> **Work task**
Set down exactly the lines below between the line holding "Wat Arun Ratchawararam, also" and the line holding "BY14955# FA56876# 新款透气亚麻V领系带上衣+阔腿直筒裤显瘦两件套女夏", inclusive; no other line belongs in the answer.

> **Dataset records**
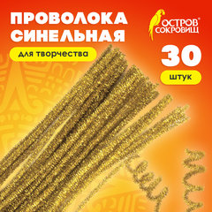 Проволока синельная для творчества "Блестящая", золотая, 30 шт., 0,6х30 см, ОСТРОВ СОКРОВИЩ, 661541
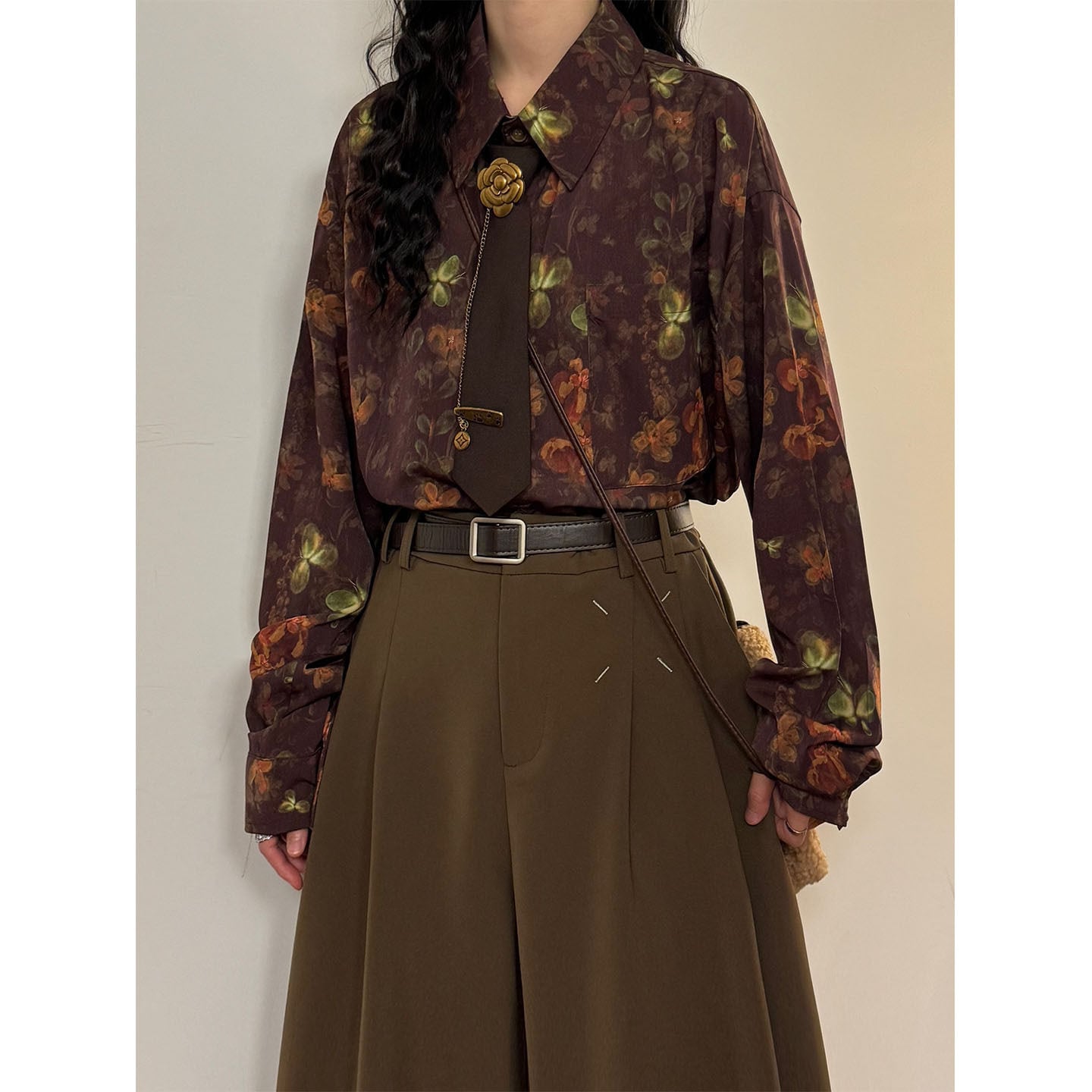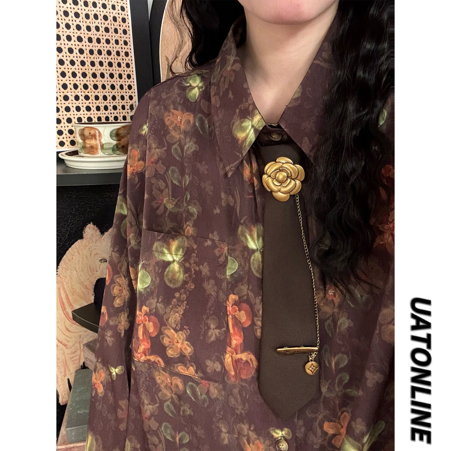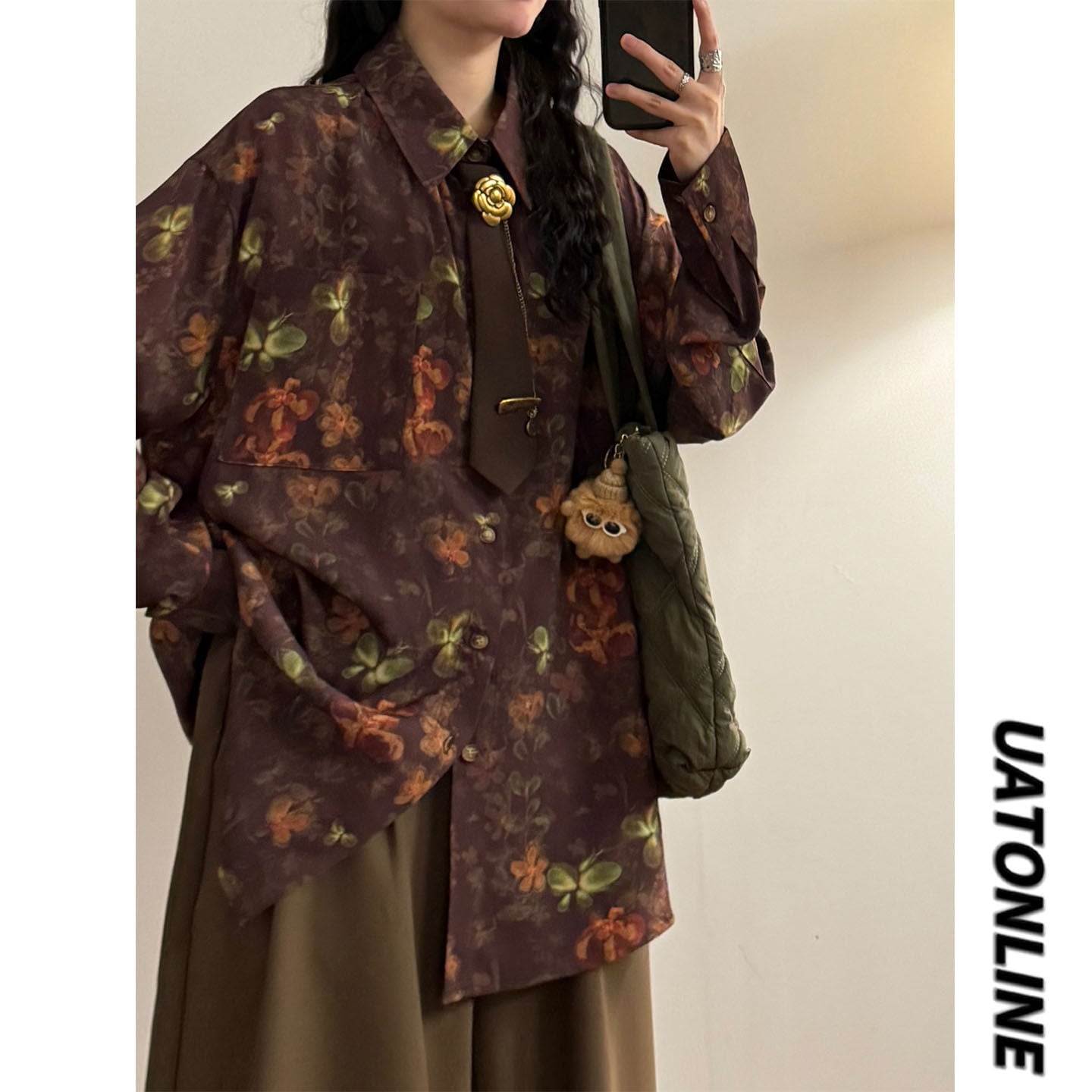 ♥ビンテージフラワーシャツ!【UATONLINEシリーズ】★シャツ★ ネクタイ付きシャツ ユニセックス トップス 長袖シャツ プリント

==

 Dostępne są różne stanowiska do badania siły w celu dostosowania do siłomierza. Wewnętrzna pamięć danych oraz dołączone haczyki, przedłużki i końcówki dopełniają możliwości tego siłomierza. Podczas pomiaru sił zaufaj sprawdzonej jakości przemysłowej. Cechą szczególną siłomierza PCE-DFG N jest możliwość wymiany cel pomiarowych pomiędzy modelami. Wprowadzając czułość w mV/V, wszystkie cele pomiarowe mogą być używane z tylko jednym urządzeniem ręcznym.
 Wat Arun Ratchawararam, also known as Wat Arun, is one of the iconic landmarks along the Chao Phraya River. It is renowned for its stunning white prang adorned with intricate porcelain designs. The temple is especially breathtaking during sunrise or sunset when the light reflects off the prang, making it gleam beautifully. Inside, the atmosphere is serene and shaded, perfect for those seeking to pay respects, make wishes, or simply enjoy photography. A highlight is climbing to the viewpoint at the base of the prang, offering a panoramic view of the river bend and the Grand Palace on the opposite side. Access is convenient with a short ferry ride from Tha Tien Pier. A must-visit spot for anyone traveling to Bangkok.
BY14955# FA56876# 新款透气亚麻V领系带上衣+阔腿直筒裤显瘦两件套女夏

> **Answer below**
 Wat Arun Ratchawararam, also known as Wat Arun, is one of the iconic landmarks along the Chao Phraya River. It is renowned for its stunning white prang adorned with intricate porcelain designs. The temple is especially breathtaking during sunrise or sunset when the light reflects off the prang, making it gleam beautifully. Inside, the atmosphere is serene and shaded, perfect for those seeking to pay respects, make wishes, or simply enjoy photography. A highlight is climbing to the viewpoint at the base of the prang, offering a panoramic view of the river bend and the Grand Palace on the opposite side. Access is convenient with a short ferry ride from Tha Tien Pier. A must-visit spot for anyone traveling to Bangkok.
BY14955# FA56876# 新款透气亚麻V领系带上衣+阔腿直筒裤显瘦两件套女夏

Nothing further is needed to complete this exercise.